After word spread that Rihanna turned down a request to appear at the halftime show, comedian Amy Schumer shared on Instagram that she would not appear in any Super Bowl ads.

“I personally told my reps I wouldn’t do a Super Bowl commercial this year,” Schumer, who previously appeared in a 2016 Super Bowl ad for Bud Light, wrote. “I know it must sound like a privilege ass sacrifice but it’s all I got. Hitting the NFL with the advertisers is the only way to really hurt them. I know opposing the NFL is like opposing the NRA. Very tough, but don’t you want to be proud of how you’re living?”

The comedian has had her own controversies related to race, apologizing for telling a racist joke about Hispanics in 2015. She said the joke and other offensive humor stemmed from her “dumb white girl” stage persona. In the wake of the backlash, Schumer said she would take responsibility for her words in the future.

Her decision to back out of Super Bowl ads may signal some growth on her part. Her support of Kaepernick and Rihanna’s boycott of the halftime show help to amplify the athlete’s activism more than two years after he first kneeled during the anthem. Their protest may also usher in a new wave of celebrity activism, as a wide range of public figures, including Diddy, Kathy Griffin, Anika Noni Rose, and Jameela Jamil, have applauded them.

Stephanie Creary, an assistant professor of management at the University of Pennsylvania’s Wharton School, told Vox that Kaepernick’s message has been largely misrepresented: His critics have framed his activism as an anti-American protest against the flag rather than opposition to police brutality.
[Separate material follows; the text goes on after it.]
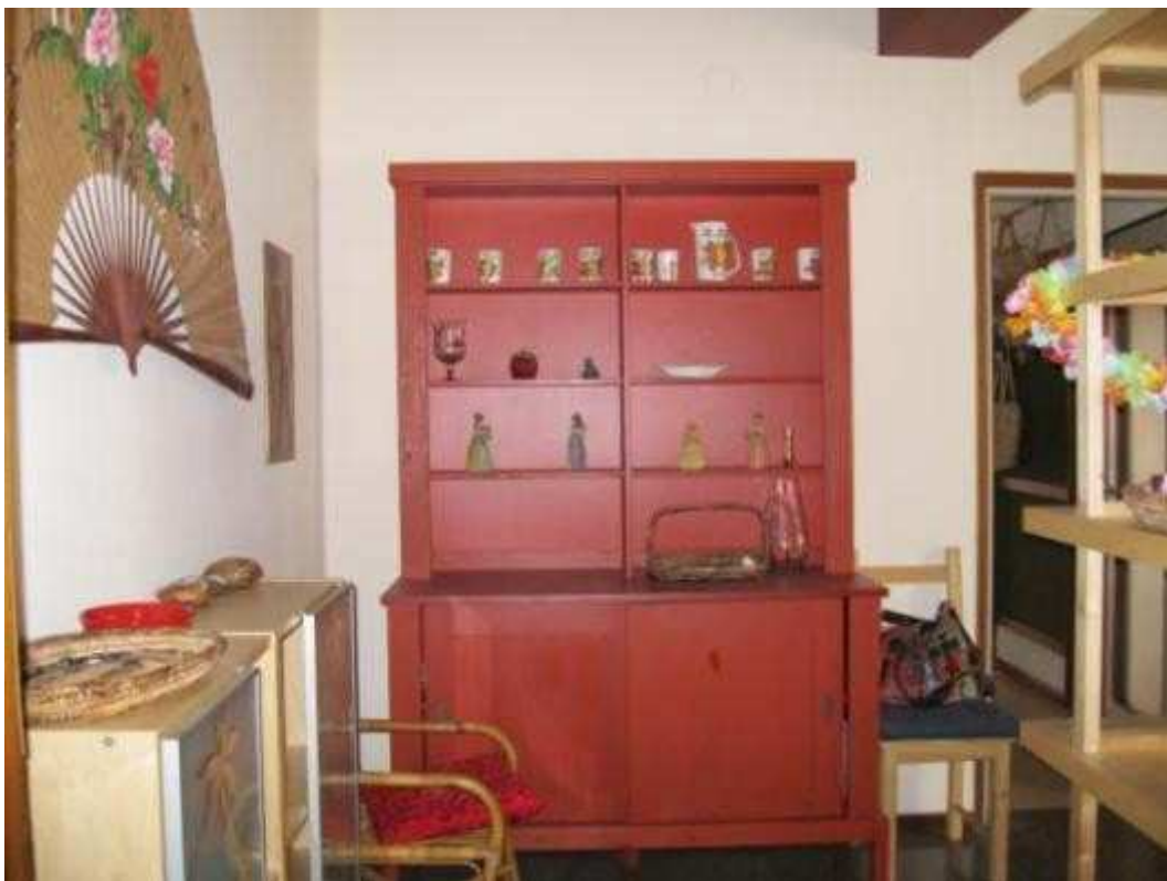
Foto 12 Ingresso soggiorno

As a result, influential supporters can help draw attention to his original cause, she said.

But a celebrity boycott of the Super Bowl will likely not adversely affect the NFL unless sponsors pull their ads. There’s also a possibility sponsors will try to toe the line to appeal to Americans on both sides of the issue, according to Creary.

“I would be interested to see if sponsors, the big money corporations, decide they’re not going to pay millions of dollars of to run ads, or if advertisers are going to do what they did right after the Trump elections,” Creary said. “They ran pro-diversity ads as a counternarrative to Trump.”

Creary said it’s interesting that more celebrities are engaging in political activism and that by doing so, they magnify social causes. She questions if the average American, for example, can articulate why Kaepernick kneeled during the national anthem in the first place. But the recent Nike ad starring Kaepernick and Rihanna and Schumer’s stances on the NFL have kept the quarterback and his politics in the spotlight.

Without these developments, “most people wouldn’t be thinking about ... the movement Kaepernick started,” Creary said.

NFL ratings may support Creary’s argument. Last year, as the debate over Kaepernick gripped the nation, ratings fell. During the 2018-’19 season, however, ratings are on the rise. They have been up across networks for the first seven weeks of the season, according to Michael Mulvihill of Fox Sports. The cause for the spike has been attributed by some to Kaepernick’s protest falling out of news headlines.

Kaepernick’s own fate in the league no longer dominates the news. He hasn’t played in the NFL since January 1, 2017. And he’s filed a lawsuit accusing NFL team owners of colluding to keep him out of the league.

Rihanna’s decision to decline the halftime show and Schumer’s refusal to appear in Super Bowl ads, however, generated international press that reminds the public about both Kaepernick’s status in the league and the reason he protested at all.

Schumer is trying to convince other celebrities to take up Kaepernick’s cause: The comedian urged white athletes to kneel, as Kaepernick did, to call out systemic racism. She also suggested that Maroon 5, the pop group scheduled to perform during the halftime show, should withdraw from the event.

Schumer wrote on Instagram, “I think it would be cool if @maroon5 backed out of Super Bowl like @badgalriri did.” Maroon 5 leader Adam Levine said in 2015 he and the band “very actively want to play the Super Bowl,” so it’s doubtful it will withdraw from the event. But if a critical mass of celebrities use their influence to advocate for Kaepernick, his struggle, and the NFL’s role in it, won’t simply fall away.